Wafer Pass Setup

Features, model availability, rate limits, and pricing may change as we iterate. Questions? Email emilio@wafer.ai.

Set up with: Claude Code · Conductor · Codex · OpenClaw · Hermes Agent · Cline · Roo Code · Kilo Code · OpenHands · LibreChat Wafer builds AI that optimizes AI. We take open models and make them dramatically faster. Wafer Pass gives you Qwen3.5-397B-A17B and GLM-5.1, served at multiples of the speed of generic inference providers. More models land on the same subscription — no price increase. Wafer Pass is built for Claude Code, Codex, Conductor, OpenClaw, Hermes Agent, Cline, Roo Code, Kilo Code, OpenHands, and other agent harnesses.
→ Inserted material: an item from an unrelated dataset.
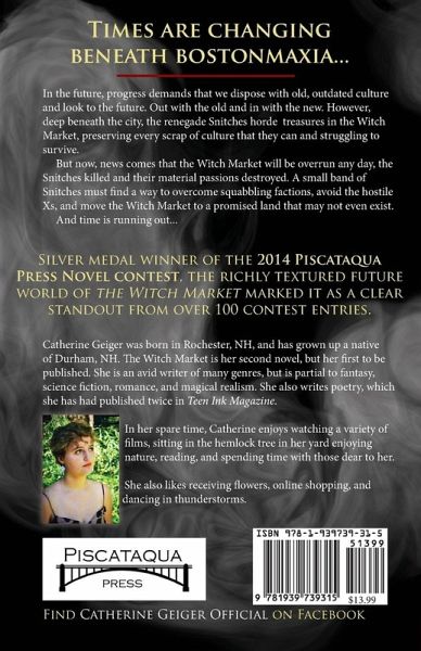 In the future, progress demands that we dispose with old, outdated culture and look to the future. Out with the old and in with the new. However, deep beneath the city, the renegade Snitches horde treasures in the Witch Market, preserving every scrap of culture that they can and struggling to survive. But now, news comes that the Witch Market will be overrun any day, the Snitches killed and their material passions destroyed. A small band of Snitches must find a way to overcome squabbling factions, avoid the hostile Xs, and move the Witch Market to a promised land that may not even exist. And time is running out... Silver medal winner of the 2014 Piscataqua Press Novel contest, the richly textured future world of the Witch Market marked it as a clear standout from over 100 contest entries. Catherine Geiger was born in Rochester, NH, and has grown up a native of Durham, NH. The Witch Market is her second novel, but her first to be published. She is an avid writer of many genres, but is partial to fantasy, science fiction, romance, and magical realism. She also writes poetry, which she has had published twice in Teen Ink Magazine. In her spare time, Catherine enjoys watching a variety of films, sitting in the hemlock tree in her yard enjoying nature, reading, and spending time with those dear to her. She also likes receiving flowers, online shopping, and dancing in thunderstorms.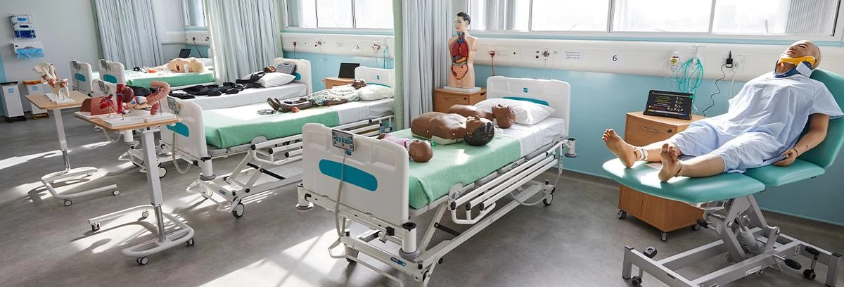 You’ll have access to a range of our specialist facilities, including a nursing simulation suite with a six bed ward, GP consulting room, nurse’s treatment room, waiting area/break out space, care home bedroom and working kitchen and bathroom. There is a wide range of clinical equipment including simulation manikins to facilitate various simulated scenarios.

Wafer exposes both an OpenAI-compatible endpoint and an Anthropic-compatible Messages endpoint, so tools like Claude Code work out of the box. Get a Wafer Pass for fast open-source models through a standard API endpoint. Plans start at $10/week.

Get your Wafer Pass: https://www.wafer.ai/pass

Connection Details

Use your Wafer Pass API key with these values:


OpenAI-compatible endpoint	`https://pass.wafer.ai/v1`
Anthropic-compatible endpoint	`https://pass.wafer.ai/v1/messages`
Send your API key as	`Authorization: Bearer <key>` (`wfr_…` Pass keys work here)
Request-scoped ZDR	Add `Wafer-ZDR: required` on direct API calls

See Models below for the model strings to pass on the OpenAI-compatible endpoint.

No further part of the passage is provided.